Такой жизни в Париже я еще не знал. В мастерской моего доброго приятеля, которому, в общем-то, было не до меня, я ночевал на нарах, в спальном мешке, по очереди с помощником Гарри, начинающим зодчим. По утрам ехал на пригородном, по сути дела, автобусе из Нуази-Ле-Сек до Пор-де-Лила, потом в метро, уныло сидел в Институте Хюльтена, темными, почти морозными вечерами возвращался туда же, к Пор-де-Лила, вспоминал известный фильм Рене Клера «Porte des Lilas» (у нас он назывался «На окраине Парижа») с Пьером Брассёром и Жоржем Брассансом, ужинал в дешевом кафе сосисками с пивом, утешая себя игрой в кино-литературную парижскую жизнь, и, добравшись до мастерской, залезал к себе на нары.

Рано загорались желтые фонари, и был прекрасен белый зимний налет на пыльно-сером Париже. Еще висели столь любимые французами афиши о появлении божоле нового урожая («Le beaujolais nouveau est arrivé!»), и уже мелькали в витринах движущиеся гномы и феи волшебными предвестниками близящегося Рождества. Я много думал о запутанной России, о моей будущей жизни в ней, в кафе у башни Сен-Жак хозяин все заводил «Битлз» «Is there anybody going to listen to my story…», а рядом на площади вертелась, мигая лампочками, карусель…

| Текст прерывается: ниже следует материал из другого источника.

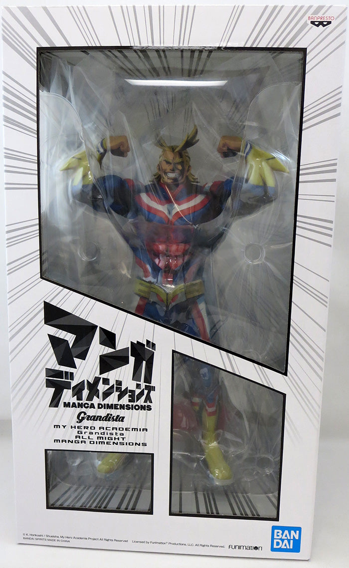 Description: From Banpresto. From popuar series My Hero Academia comes this officially licensed PVC statue In the Grandista line of All Might, now with a brand new Manga Dimensions finish! He stands a mighty 11" tall and comes in a printed box. Don't miss adding this mighty-sized All Might to your collection!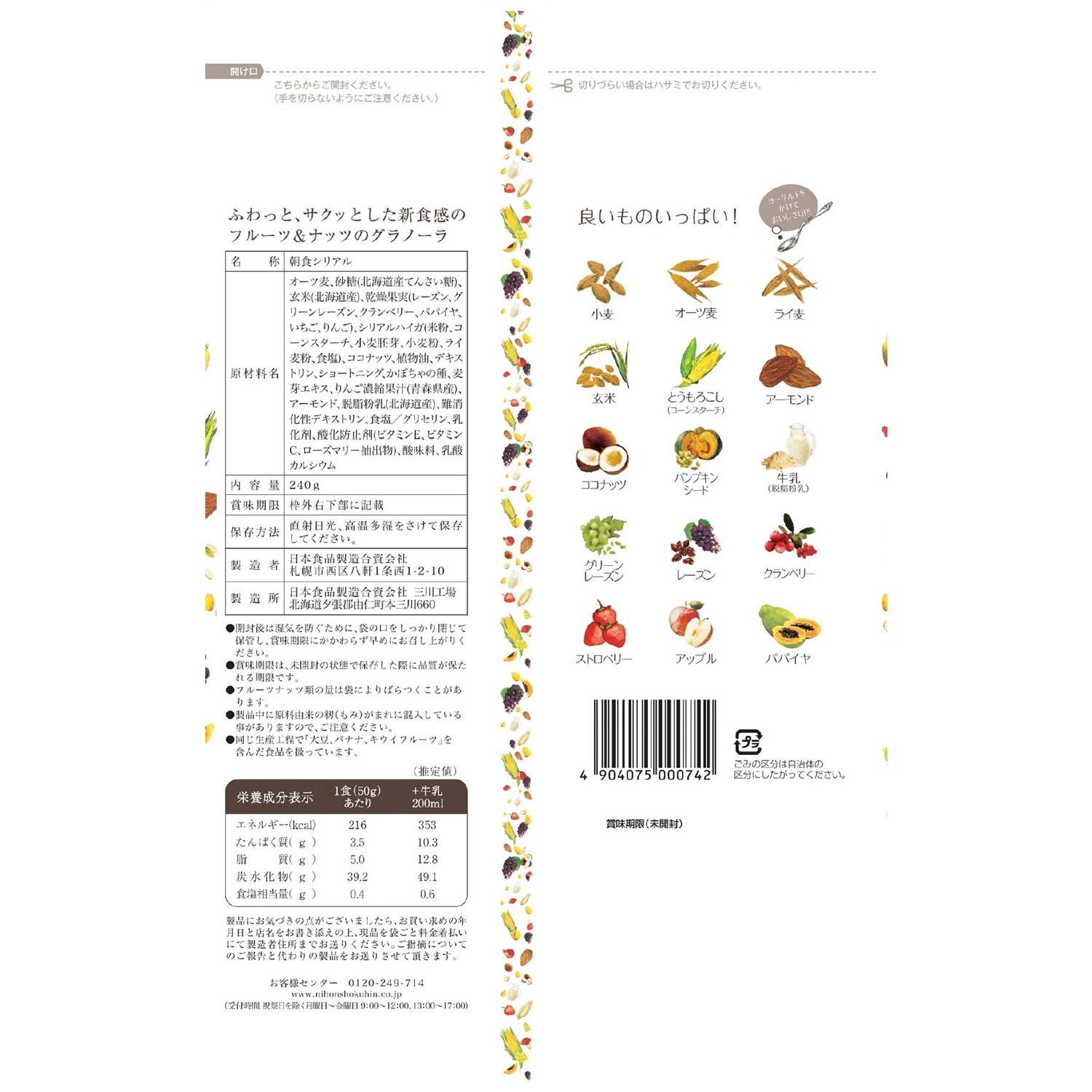It is a fruit granola with a new texture with blended 5 cereals, 6 kinds of fruits, 3 kinds of nuts, crispy while fluffy.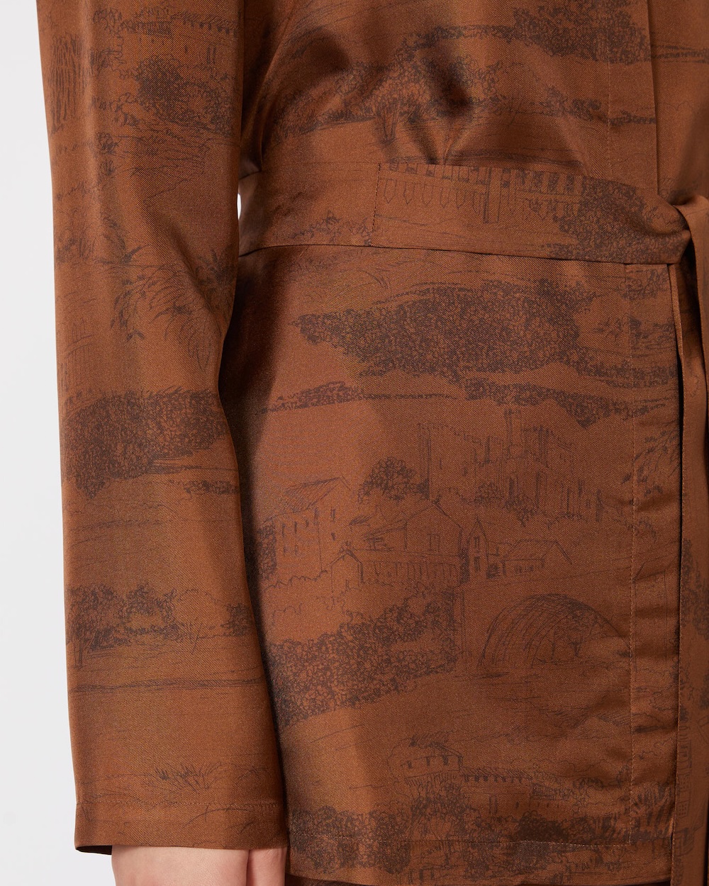 Casaco estilo pijama com gola cubana e cinto a condizer.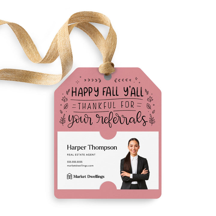 As real estate professionals, building strong client relationships is key to growing your business. That's why we've created the perfect pop by gift tags for the fall season - Happy Fall Y'all! These tags are more than just a sweet seasonal gesture, they are a thoughtful and professional way to show your clients that you value their partnership. Each tag features a slot to hold your business card, ensuring that your contact information stays top of mind for your clients. With these gift tags, you'll not only spread joy and cheer this autumn, but also nurture important connections with your clients. Order now and make this fall a happy one for you and your business!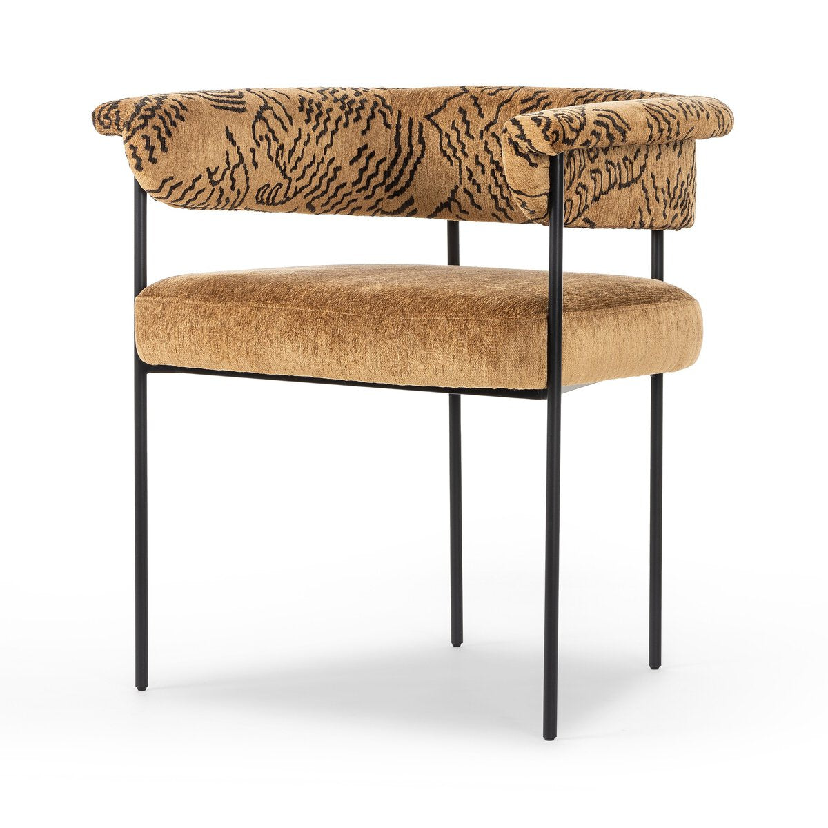 Overall Dimensions 25.50"w x 23.00"d x 27.50"hItem Number 108499-001Colors Light Camel, Matte BlackMaterials 100% Polyester, IronWeight 29.54 lbVolume 11.09 cu ftArm Height from Floor 27.50"Arm Height from Seat 8.00"Arm Length 19.50"Arm Width 3.00"Clearance from Floor 1 15.00"Distance between Legs (Front to Back) 1 19.50"Distance between Legs (Side to Side) 1 22.00"Seat Back Height 6.00"Seat Depth 1 19.00"Seat Height 1 19.50"Seat Width (Back) 14.50"Seat Width (Front) 19.50"Back Cushion Attachment FixedBack Cushion Qty 1.00Chair Arm Option With ArmCleaning Code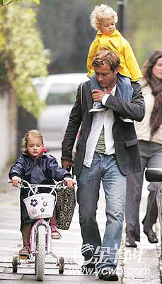 入选原因:裘德·洛外型潇洒放荡不羁,但是骨子里对待孩子有一种特别的好感。他和前妻莎迪·福斯特一起生活的时候,为了照顾孩子坚决不肯请保姆,各色杂事家务统统由自己承担才肯放心。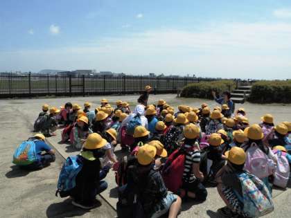 2年生は、伊丹スカイパークに行きました。伊丹空港のすぐ横にある公園です。飛行機の離発着が何度も見られました。前日の雨がうそのような青空の下、友だちと一緒にお弁当やおやつを食べたり、遊具で遊んだりして、楽しく過ごしました。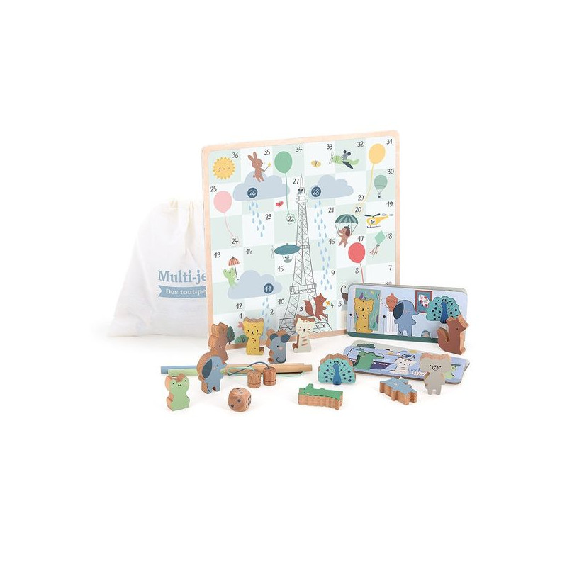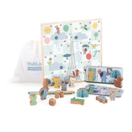 Un coffret multi-jeux en bois pour l'éveil de votre enfant. Offrez à votre enfant dès 2 ans notre coffret multi-jeux de société en bois, illustré par l'artiste Sarah Betz. Composé de quatre jeux classiques - le jeu de l'oie, le jeu des échelles, la pêche à la ligne, et un jeu de loto - ce coffret est idéal pour éveiller la curiosité de votre tout-petit. Les illustrations colorées et attrayantes vont attirer son attention, l’encourageant à explorer, apprendre les règles, et à découvrir de nouvelles façons de jouer, tout en s'amusant. Développement des compétences motrices et cognitives. Notre coffret multi-jeux est conçu pour stimuler le développement des compétences motrices et cognitives de votre enfant. Le jeu de l’oie et le jeu des échelles vont l’aider à apprendre à lancer le dé, à compter les cases, et à suivre les règles, ce qui favorise l’apprentissage des chiffres et de la logique. La pêche à la ligne permet de travailler la coordination œil-main et la dextérité, tandis que le jeu de loto développe la mémoire visuelle et la concentration. Chaque jeu de ce coffret offre à votre enfant une expérience éducative complète, qui l’aide à progresser de manière ludique. Un moment de partage. Notre coffret multi-jeux de société va également permettre de partager des moments de complicité en famille. En jouant ensemble, votre enfant apprend à respecter les règles, à attendre son tour, et à gérer les petites victoires et défaites, ce qui favorise le développement de ses compétences sociales. Ce coffret multi-jeux devient alors un outil d'apprentissage précieux pour votre enfant, tout en offrant des moments de rire, d'échange, et de complicité avec vous, créant ainsi des souvenirs inoubliables autour de jeux éducatifs et amusants. Un univers délicat. Ce coffret multi-jeux est joliment illustré par l’artiste Sarah BETZ. Elle a rejoint l’aventure Vilac en 2023, et propose un univers tendre et poétique. Illustratrice de talent, elle n’a jamais quitté cette âme d’enfant proche de la nature qui continue de l’inspirer aujourd’hui. Elle a fondé son studio d’illustration Cubeely dans le quartier pittoresque de Montmartre en 2013.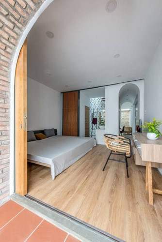 Phòng ngủ chính rộng rãi nối liền với phòng sinh hoạt chung bằng hành lang nhỏ, ban công phòng hướng ra khu dân cư. Những bức tường ngăn cách được thay thế bằng lưới thép ô lục giác, tạo sự thông thoáng cho căn phòng.
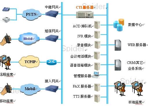 - 座席終端:座席使用的終端可以是IP電話、軟電話、手機(jī)(移動(dòng)坐席)、普通電話用戶等。如果用戶原來的終端為普通電話的話,可以通過IAD即可接入到系統(tǒng)網(wǎng)絡(luò)中,因此節(jié)省了用戶的投資。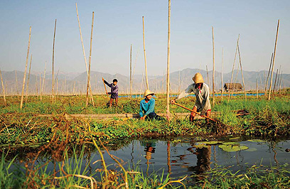 הדיג ועבודות האמנות אינם העיסוק היחיד של בני האגם. חלק מהכפריים מגדלים עגבניות בערוגות ממש על המים. החקלאים מנסרים פיסות קרקע מהגדות, מערבבים אותן בבוץ ואצות מקרקעית האגם ובצמחי יקינטון המים, הרוויים בבועיות אוויר וגורמים להצפה. מדי כמה מטרים תוקעים החקלאים מוט במבוק צר וארוך המשמש כעוגן ומונע את היסחפות הערוגה ללב האגם. הטיפול בערוגות נעשה מתוך סירות הקאנו השטוחות.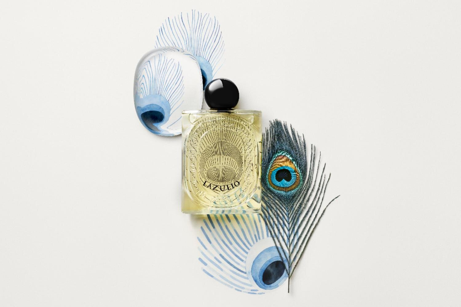 ボトルはディプティック創業初期のデザインから着想を得たクラシックなフォルムである。透明なガラスにはメゾンを象徴するオーバルが浮き彫りになり、背面には“クジャクの羽”のイラストが刻まれている。さらに、外箱にもブルーの水彩画で描かれた羽のモチーフが施され、芸術的な仕上がりとなっている。
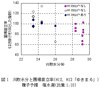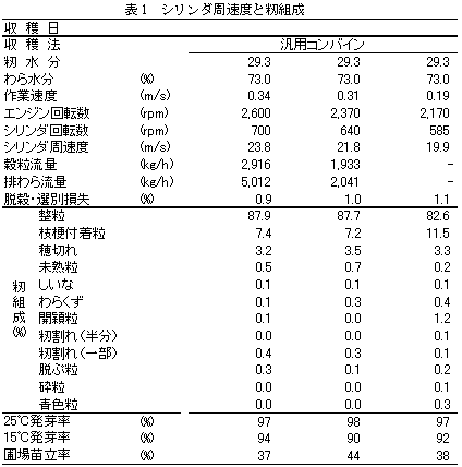 | 汎用コンバインを用いて「ゆきまる」を直播用種子として収穫する際の参考とする。 | |||||||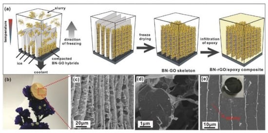 (a) Preparation process and (b) photograph of epoxy composites, (c,d) cross-sectional morphologies of boron nitride and reduced graphene oxide, and (e) cross-sectional morphologies of composites. Reprinted with permission from Ref. [153]. Copyright 2018 John Wiley and Sons.
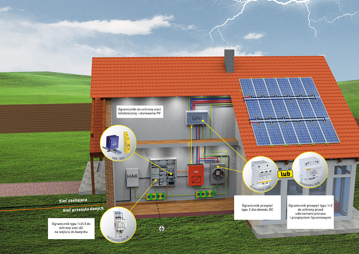 Urządzenia fotowoltaiczne zainstalowane na dachach ze względu na dużą powierzchnię i eksponowane miejsce powodują wysokie ryzyko przepięć dla urządzeń elektrycznych zainstalowanych w budynku.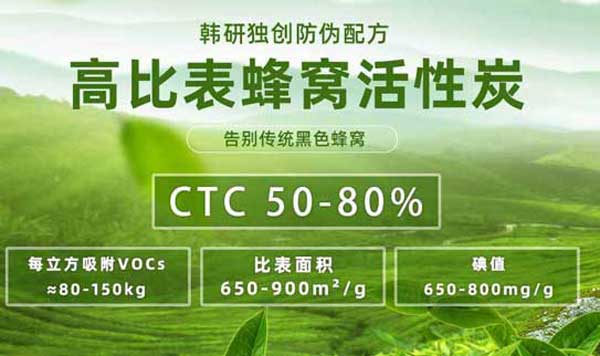 比表面積是指單位質量活性炭所具有的表面積。它是衡量活性炭吸附性能的重要指標之一。比表面積越大,活性炭的吸附能力越強,因為它能夠提供更多的表面積來吸附有害氣體或異味分子。一般來說,韓研的活性炭的比表面積可以達到900㎡/g以上,而普通活性炭的比表面積可能在100~600㎡/g之間。此外,除了比表面積之外,還需要關注其他參數指標如孔徑分布、孔容率等等。這些參數也會影響活性炭的吸附效果。只有選擇了適合自己需求的活性炭才能更好地發揮其吸附作用。因此,在選擇氣體處理活性炭時需要綜合考慮多個因素,如CTC值、比表面積、機械強度等等。只有選擇了適合自己需求的活性炭才能更好地發揮其吸附作用。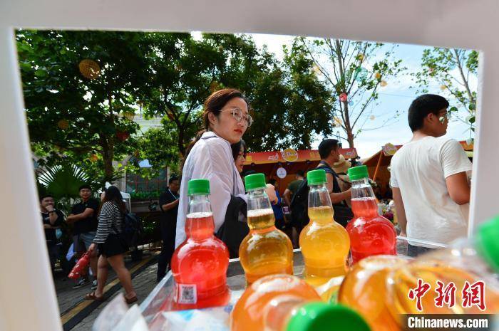 中山路现场摆放的果味啤酒。 王海滨 摄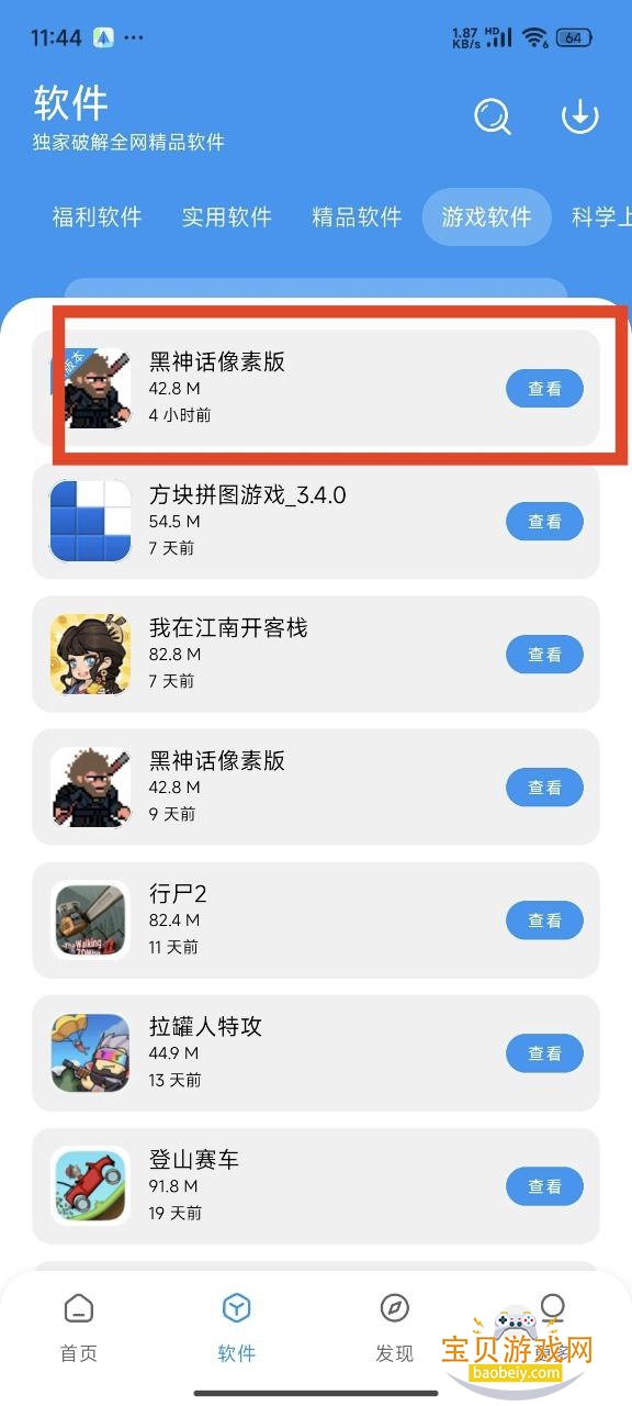 2、例如进入【游戏】类别,在游戏列表中,您可以浏览到许多在官方商店可能无法找到的游戏安装包。找到感兴趣的游戏后,点击进入其【详情页面】,查看游戏介绍、截图等信息。

«Страшно хочется домой, в эту замордованную страну, где мне так скоро станет плохо, но где все — не чужое, хотя я всему — чужой».

«И как я мог здесь когда-то прожить два месяца?»

А в Нуази-Ле-Сек, заходя в тамошний супермаркет, привычно поражаясь изобилию, я мысленно намечал, что необходимо и возможно привезти с собою в пустые ленинградские шкафы, — еда в России исчезала.

Впервые в жизни я вел деловые переговоры.

Я привык к тому, что разговоры с иностранцами — если и не через переводчика, то в его присутствии и в присутствии еще каких-то официальных лиц — это милые улыбки, общие слова, в самом серьезном случае — обсуждение «концепции выставки». Здесь же обходились без «протокола», надо было обсуждать совершенно невнятные мне сюжеты, вроде страховки, транспортировки, упаковки и прочего. Знание языка обернулось для меня каторгой: французы уже принимали меня «за своего», не стесняясь, орали при мне в три голоса, и понимать их русскому уху становилось почти невозможно.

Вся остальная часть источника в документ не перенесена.